[Opening Record extracts section]

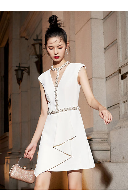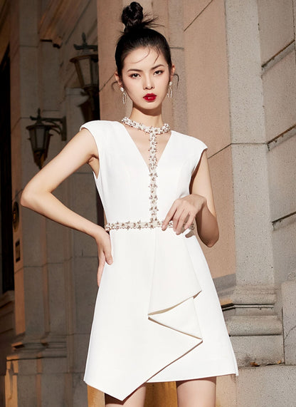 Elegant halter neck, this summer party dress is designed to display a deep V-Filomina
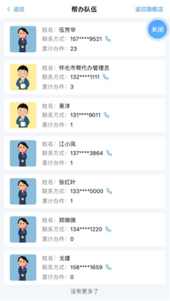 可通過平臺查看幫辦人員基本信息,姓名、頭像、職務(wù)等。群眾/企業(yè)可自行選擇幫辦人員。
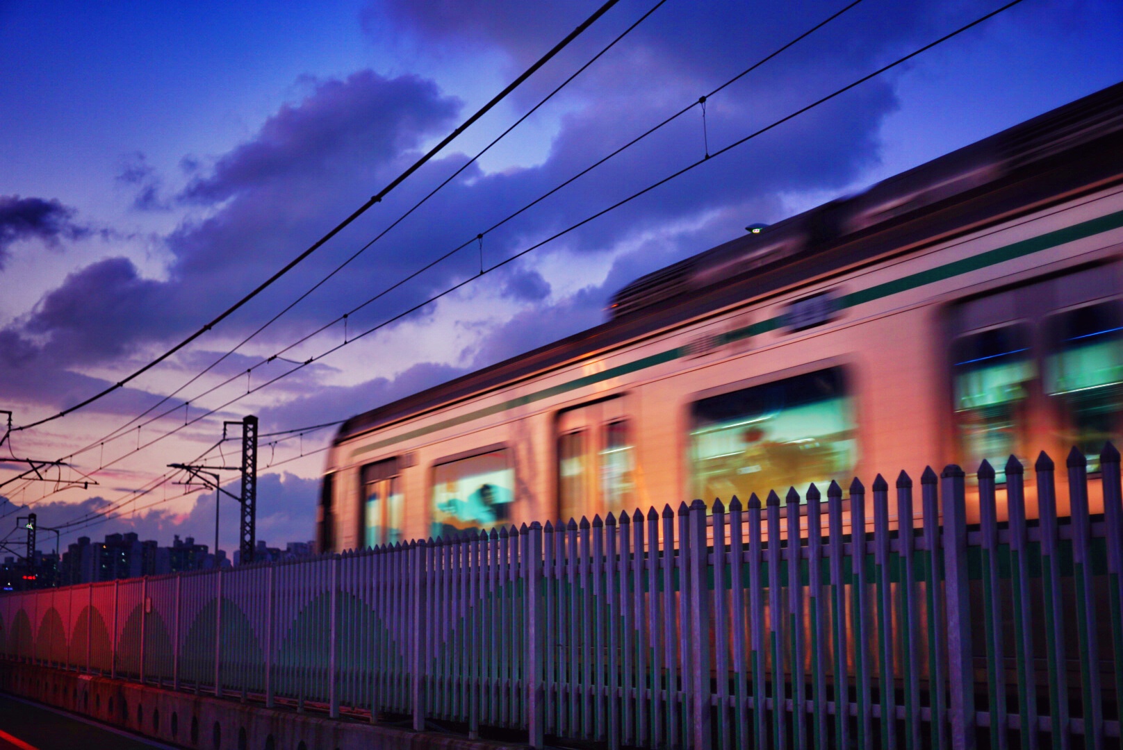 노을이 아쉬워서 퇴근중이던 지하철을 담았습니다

[Closing Record extracts section]
[Opening Record extracts section]

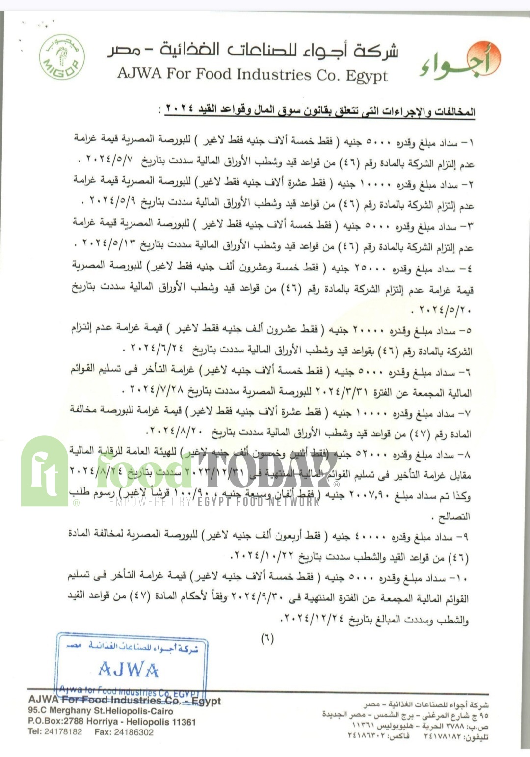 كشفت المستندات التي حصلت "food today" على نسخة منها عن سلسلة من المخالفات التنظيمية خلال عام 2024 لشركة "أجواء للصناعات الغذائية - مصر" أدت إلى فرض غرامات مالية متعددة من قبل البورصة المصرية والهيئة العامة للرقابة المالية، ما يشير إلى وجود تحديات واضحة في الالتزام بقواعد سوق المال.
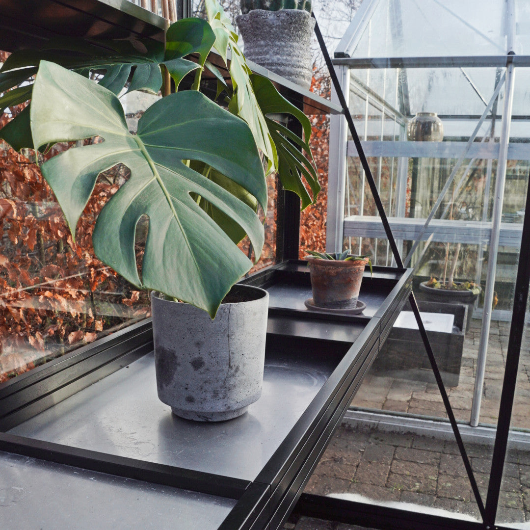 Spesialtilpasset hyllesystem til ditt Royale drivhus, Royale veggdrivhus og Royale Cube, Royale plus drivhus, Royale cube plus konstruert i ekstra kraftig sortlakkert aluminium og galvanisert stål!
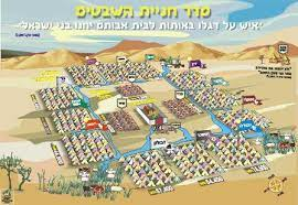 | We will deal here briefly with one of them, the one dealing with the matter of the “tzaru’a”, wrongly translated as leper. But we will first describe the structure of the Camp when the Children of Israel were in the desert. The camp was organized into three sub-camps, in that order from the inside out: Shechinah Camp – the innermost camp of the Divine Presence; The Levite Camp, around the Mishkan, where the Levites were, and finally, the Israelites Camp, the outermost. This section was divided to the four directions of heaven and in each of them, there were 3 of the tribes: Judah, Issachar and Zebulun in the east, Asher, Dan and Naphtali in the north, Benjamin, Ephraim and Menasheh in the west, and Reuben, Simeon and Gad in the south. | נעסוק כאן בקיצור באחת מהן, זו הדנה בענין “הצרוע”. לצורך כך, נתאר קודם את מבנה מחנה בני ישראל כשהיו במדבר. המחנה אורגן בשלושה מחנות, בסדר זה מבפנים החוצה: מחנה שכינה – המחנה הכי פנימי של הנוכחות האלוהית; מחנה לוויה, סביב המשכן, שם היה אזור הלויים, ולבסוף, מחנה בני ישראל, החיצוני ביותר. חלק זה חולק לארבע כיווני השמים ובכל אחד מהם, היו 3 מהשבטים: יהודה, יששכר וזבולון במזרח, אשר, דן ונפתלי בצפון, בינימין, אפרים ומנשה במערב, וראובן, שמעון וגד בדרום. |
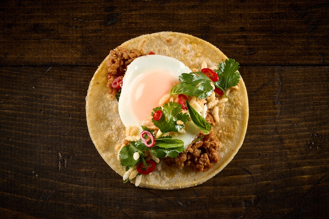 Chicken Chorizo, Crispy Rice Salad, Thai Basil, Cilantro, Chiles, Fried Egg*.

[Closing Record extracts section]

The answer must be the part of the records that opens with the line containing "Elegant halter neck, this" and closes with the line containing "노을이 아쉬워서 퇴근중이던 지하철을 담았습니다", reproduced exactly, with no pictures.

Written solution:
 Elegant halter neck, this summer party dress is designed to display a deep V-Filomina
 可通過平臺查看幫辦人員基本信息,姓名、頭像、職務(wù)等。群眾/企業(yè)可自行選擇幫辦人員。
 노을이 아쉬워서 퇴근중이던 지하철을 담았습니다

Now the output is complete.